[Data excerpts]
--*--

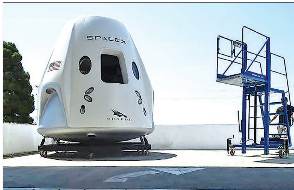
A mock up of the Crew Dragon spacecraft is displayed during a media tour of SpaceX headquarters and rocket factory in Hawthorne, California.

It's not clear why Apple has decided to push the feature back to a later date. —Xinhua ■
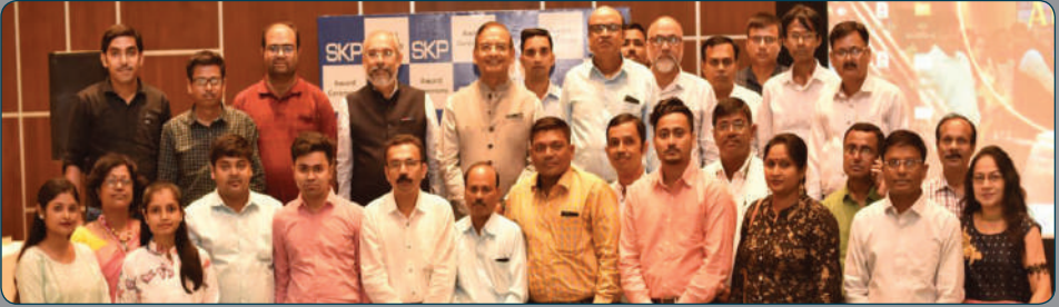
Fun @ Work @ SKP – Celebrating every occasion
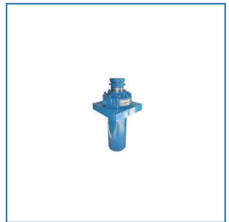
HYDRAULIC PRESS CYLINDER
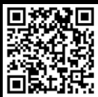
Chicken or Turkey

FOR EGG CHEF CHALLENGE CONTEST - HTTPS://UKY.AZ1.QUALTRICS.COM/JFE/FORM/SV_4VDS42MMDTKRFOG
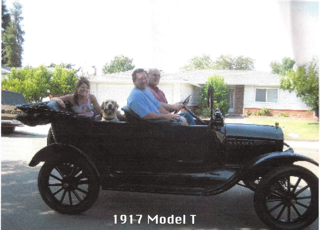
1917 Model T
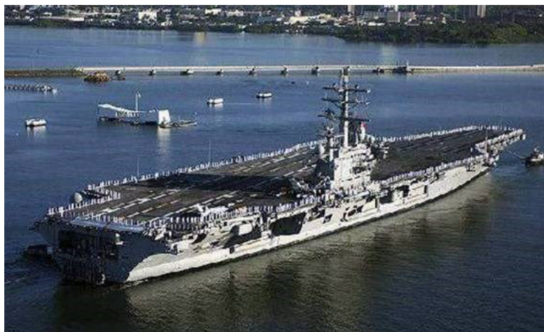
USS Ronald Reagan CVN-76 dwarfing the USS Arizona BB-39 Memorial while manning the rails in a salute to her honor!!
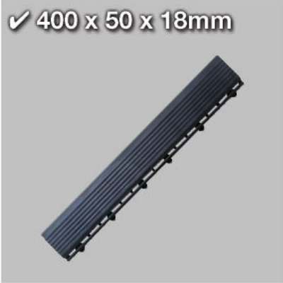
✓ 400 x 50 x 18mm
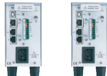
PFR-100L Rear Panel PFR-100M Rear Panel
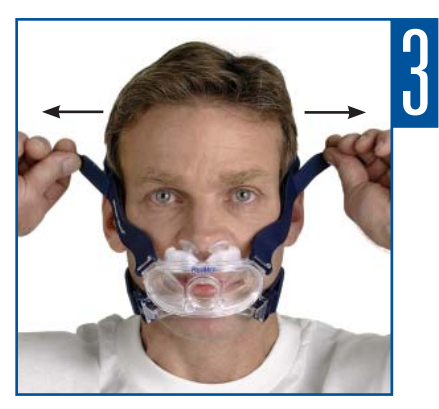
Unfasten the Velcro<sup>™</sup> tabs and pull the upper headgear straps evenly. Do not over tighten the straps.

Fasten the lower headgear clips, ensuring they click into place.
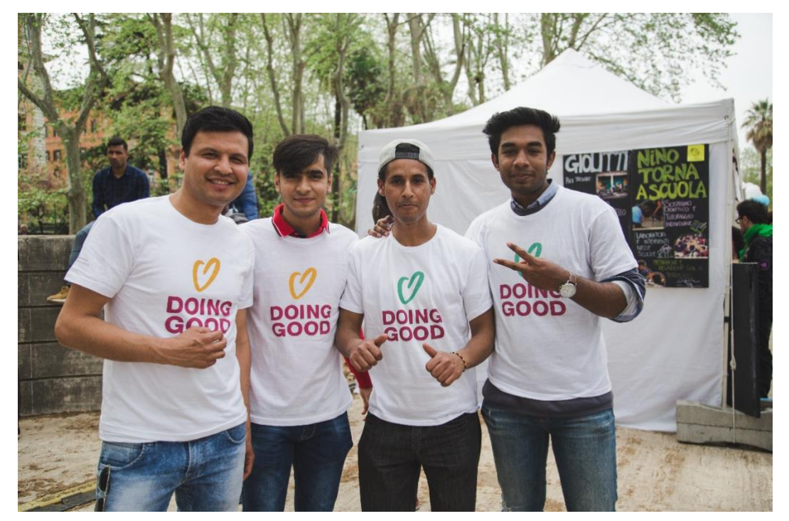
Good Deeds Day 2018, Rome, Italy, 15<sup>th</sup> April 2018

The intercultural laboratories targeted a group of 240 children from kindergarten and primary school classes, as well as their teachers and family members. The laboratories offered activities such as; theatre and African dance workshops, children's choir of Piazza Vittorio, innovative art workshops on the English-Chinese language and a one-day public event called Good Deeds Day 2018
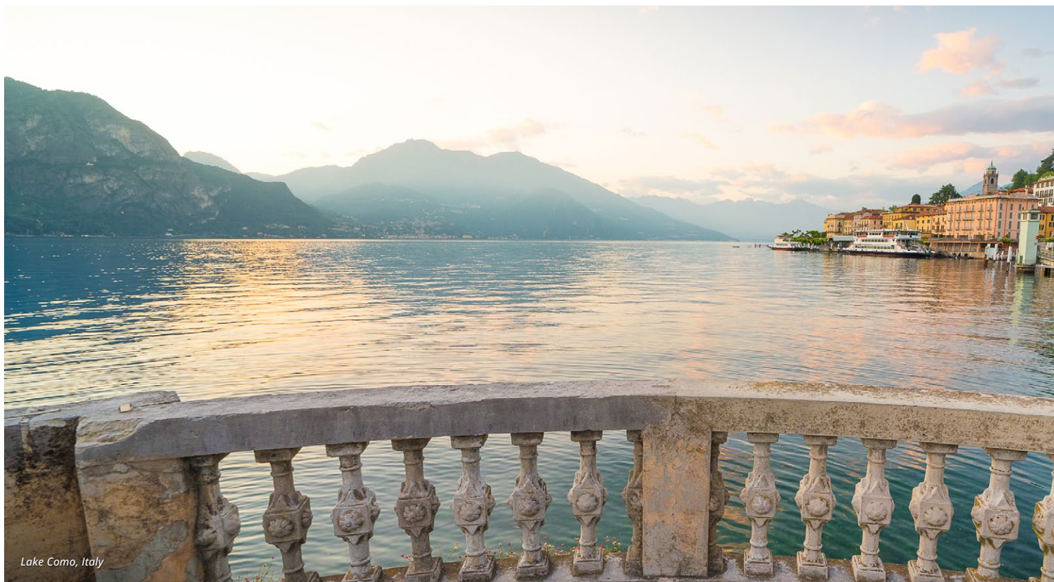
Lake Como, Italy

15 Days • Passau to Venice • S.S. Maria Theresa & Golden Eagle Danube Express
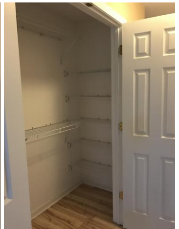
Huge Hall Closet
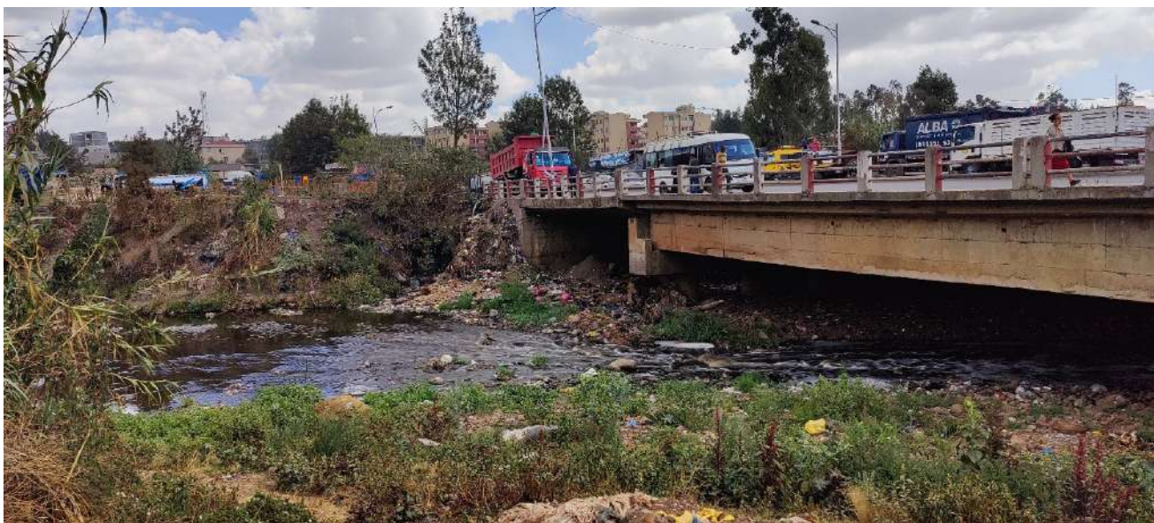
Bridge in Addis Ababa covered with debris and flood deposited silt, Ethiopia
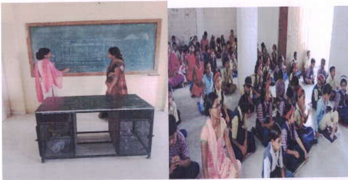
Teaching Tribal Students

--*--

* Work instructions
All lines with the string "Deeds" must be copied from the data.

* Response
Good Deeds Day 2018, Rome, Italy, 15<sup>th</sup> April 2018
The intercultural laboratories targeted a group of 240 children from kindergarten and primary school classes, as well as their teachers and family members. The laboratories offered activities such as; theatre and African dance workshops, children's choir of Piazza Vittorio, innovative art workshops on the English-Chinese language and a one-day public event called Good Deeds Day 2018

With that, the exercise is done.